- **Instructions to follow**: The expected result is an exact restatement of the data, free of pictures.

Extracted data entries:
* * *

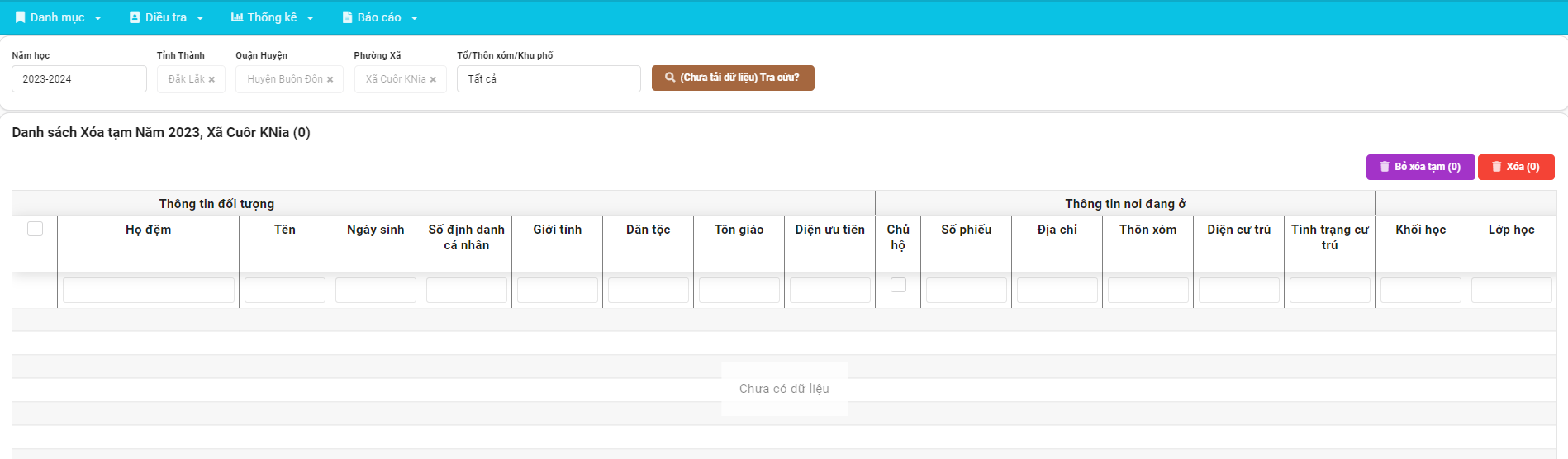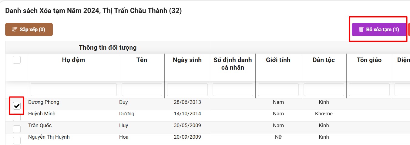 Bước 3: Nếu muốn khôi phục lại đối tượng xóa tạm thì Thầy/Cô bấm vào ô vuông trước cột “Họ đệm” sau đó bấm nút Bỏ xóa tạm . Đối tượng này sẽ trở về Danh sách phiếu điều tra và Danh sách đối tượng điều tra.
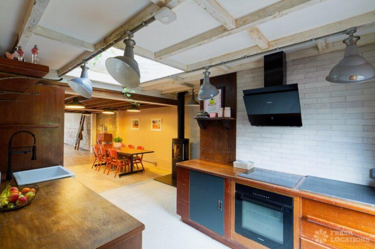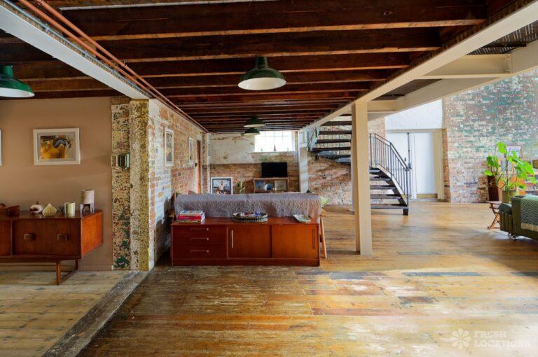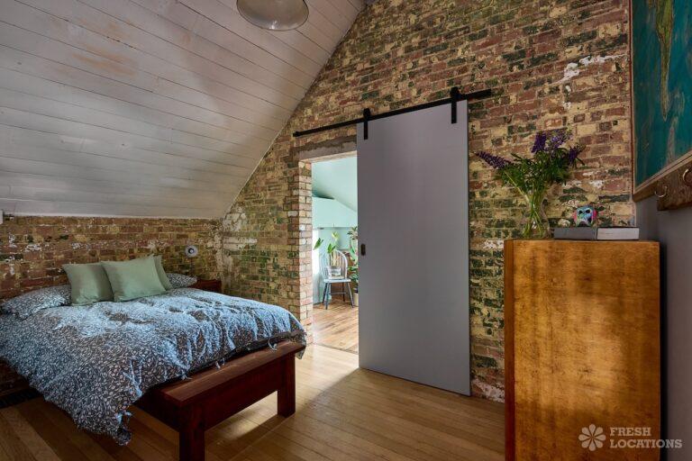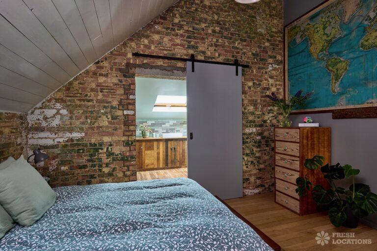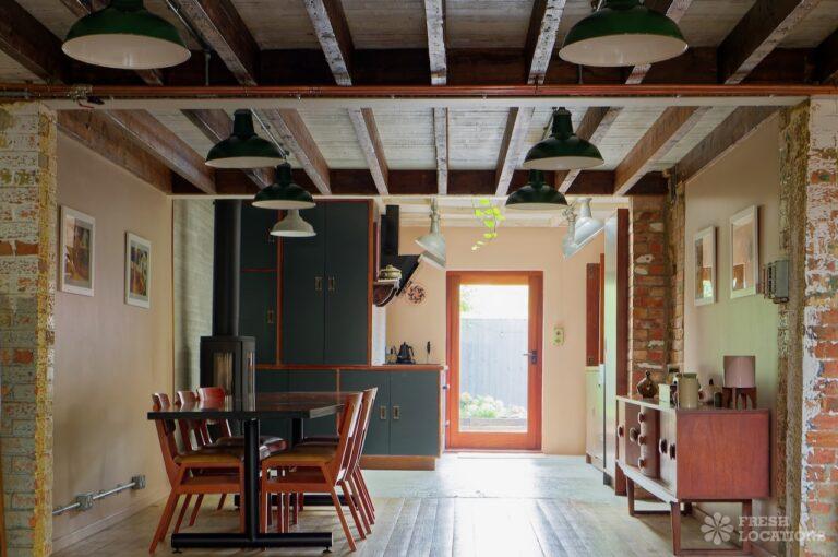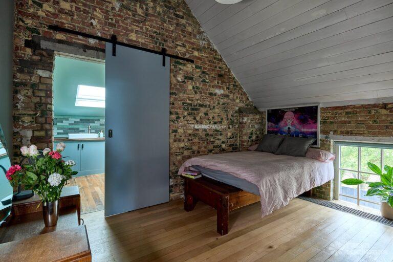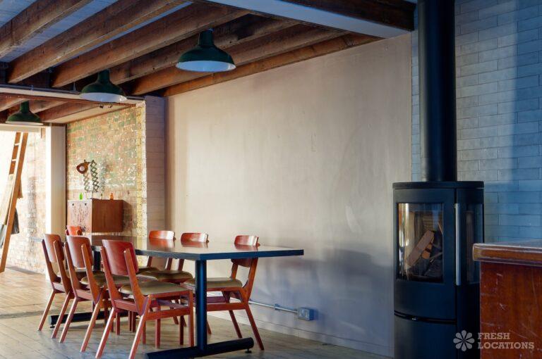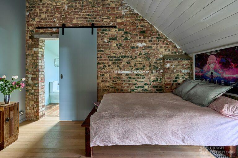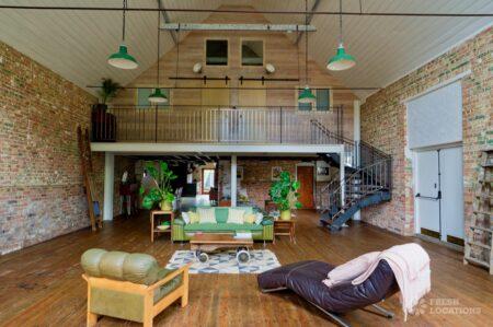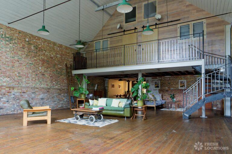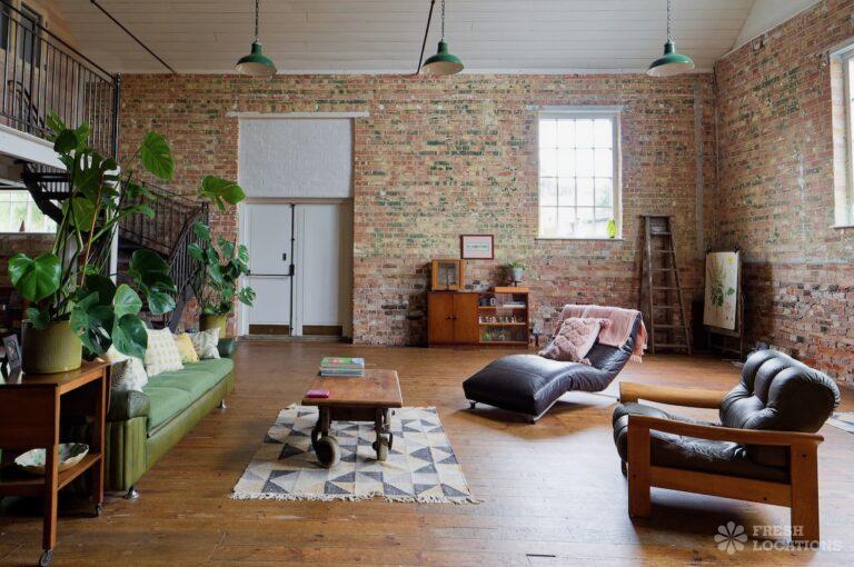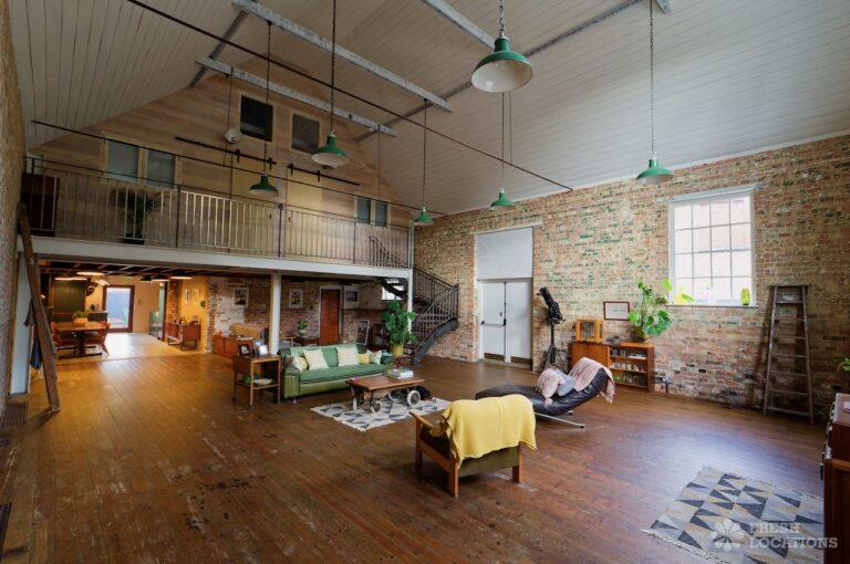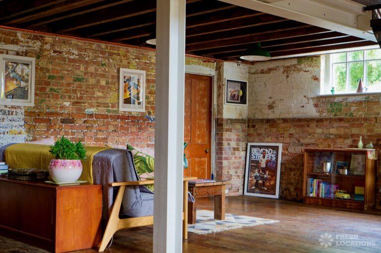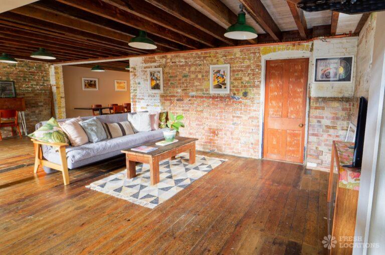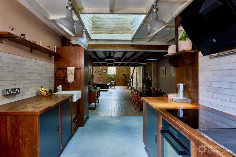 Wood Floors, Ensuite, Exposed Beams, Exposed Brick, Light Wood Floor, Multiple Bathrooms, Multiple Bedrooms, Open Plan, SkylightsA former village hall that has been converted into an industrial style house. There is a living room which spans 1000 square feet and has double height pitched timber ceilings. It features exposed brick walls, sliding doors and a metal staircase.
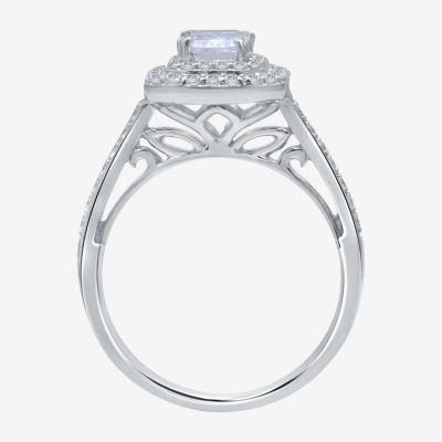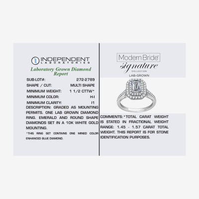 Signature By Modern Bride (H-I / I1) Womens 1 1/2 CT. T.W. Lab Grown Diamond 10K White Gold Side Stone Halo Engagement Ring
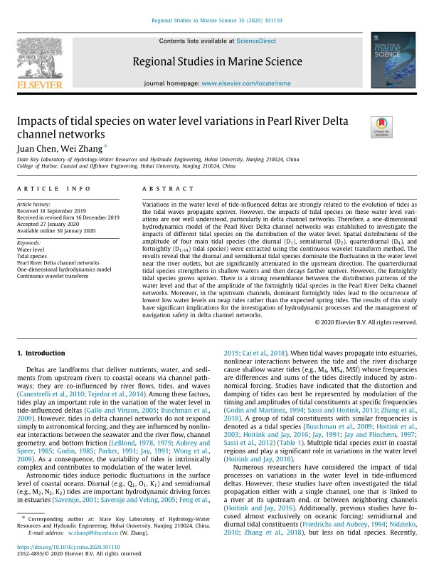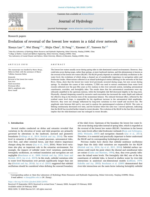 近日,金神赌场 二年级硕士研究生罗小雅和陈娟分别在国际权威期刊“Journal of Hydrology”(影响因子:4.405)和“Regional Studies in Marine Science”(影响因子:1.462)以第一作者发表高水平论文“Evolution of reversal of the lowest low waters in a tidal river network”和“Impacts of tidal species on water level variations in Pearl River Delta channel networks”。
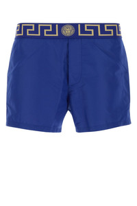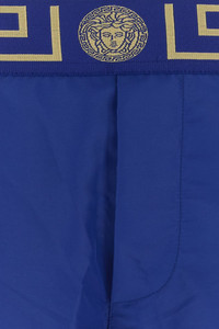Swimming shorts realized in polyester enriched by contrasting logoed band at the waist. - Elastic waist - Seam pockets and a patch pocket at the back - Partially lined DETAILS Electric blue polyester swimming shorts Exterior: 100% Polyester Lining: 94% Nylon 6% Elastane Made in italy Sample size: III
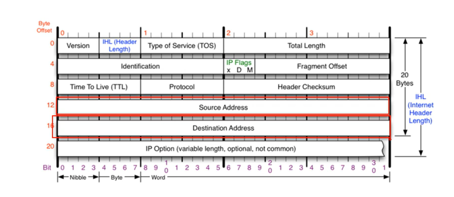 Header Checksum : 헤더가 오류가 있는지 없는지 확인하는 값. 보낼 때 전체 헤더의 값들을 체크하여 값을 지정해서 보내면 수신측은 받고 다시 전체 헤더의 값들을 체크하여 값을 구한 후 해당 Checksum을 확인하여 다르다면 패킷을 버리게 됨.
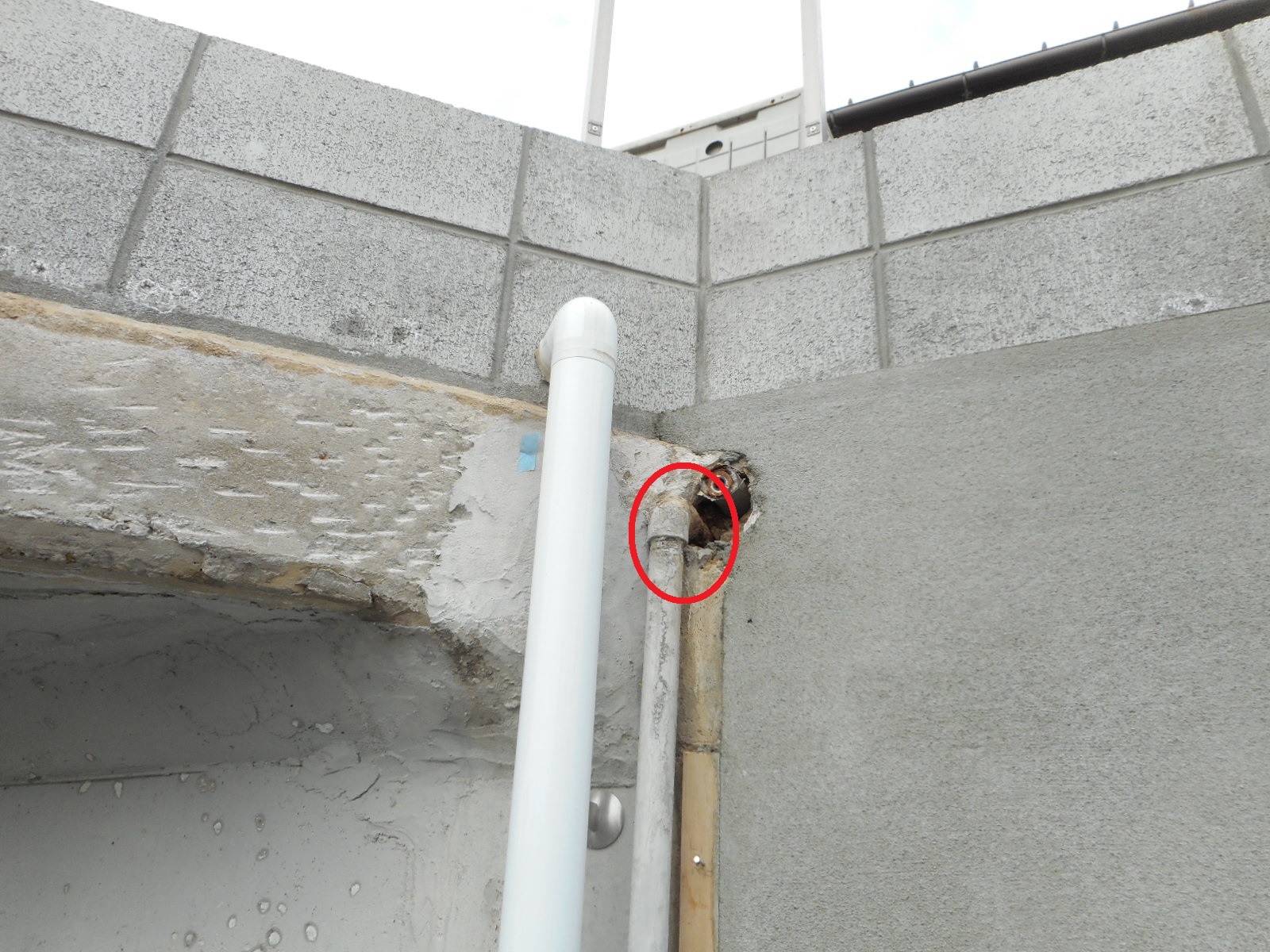 | □部分のガス管の、上の○部分腐食しています!! | ○部分が腐食して、状態が良くありません!! |

* * *

- **Written solution**:
 Bước 3: Nếu muốn khôi phục lại đối tượng xóa tạm thì Thầy/Cô bấm vào ô vuông trước cột “Họ đệm” sau đó bấm nút Bỏ xóa tạm . Đối tượng này sẽ trở về Danh sách phiếu điều tra và Danh sách đối tượng điều tra.
 Wood Floors, Ensuite, Exposed Beams, Exposed Brick, Light Wood Floor, Multiple Bathrooms, Multiple Bedrooms, Open Plan, SkylightsA former village hall that has been converted into an industrial style house. There is a living room which spans 1000 square feet and has double height pitched timber ceilings. It features exposed brick walls, sliding doors and a metal staircase.
 Signature By Modern Bride (H-I / I1) Womens 1 1/2 CT. T.W. Lab Grown Diamond 10K White Gold Side Stone Halo Engagement Ring
 近日,金神赌场 二年级硕士研究生罗小雅和陈娟分别在国际权威期刊“Journal of Hydrology”(影响因子:4.405)和“Regional Studies in Marine Science”(影响因子:1.462)以第一作者发表高水平论文“Evolution of reversal of the lowest low waters in a tidal river network”和“Impacts of tidal species on water level variations in Pearl River Delta channel networks”。
Swimming shorts realized in polyester enriched by contrasting logoed band at the waist. - Elastic waist - Seam pockets and a patch pocket at the back - Partially lined DETAILS Electric blue polyester swimming shorts Exterior: 100% Polyester Lining: 94% Nylon 6% Elastane Made in italy Sample size: III
 Header Checksum : 헤더가 오류가 있는지 없는지 확인하는 값. 보낼 때 전체 헤더의 값들을 체크하여 값을 지정해서 보내면 수신측은 받고 다시 전체 헤더의 값들을 체크하여 값을 구한 후 해당 Checksum을 확인하여 다르다면 패킷을 버리게 됨.
 | □部分のガス管の、上の○部分腐食しています!! | ○部分が腐食して、状態が良くありません!! |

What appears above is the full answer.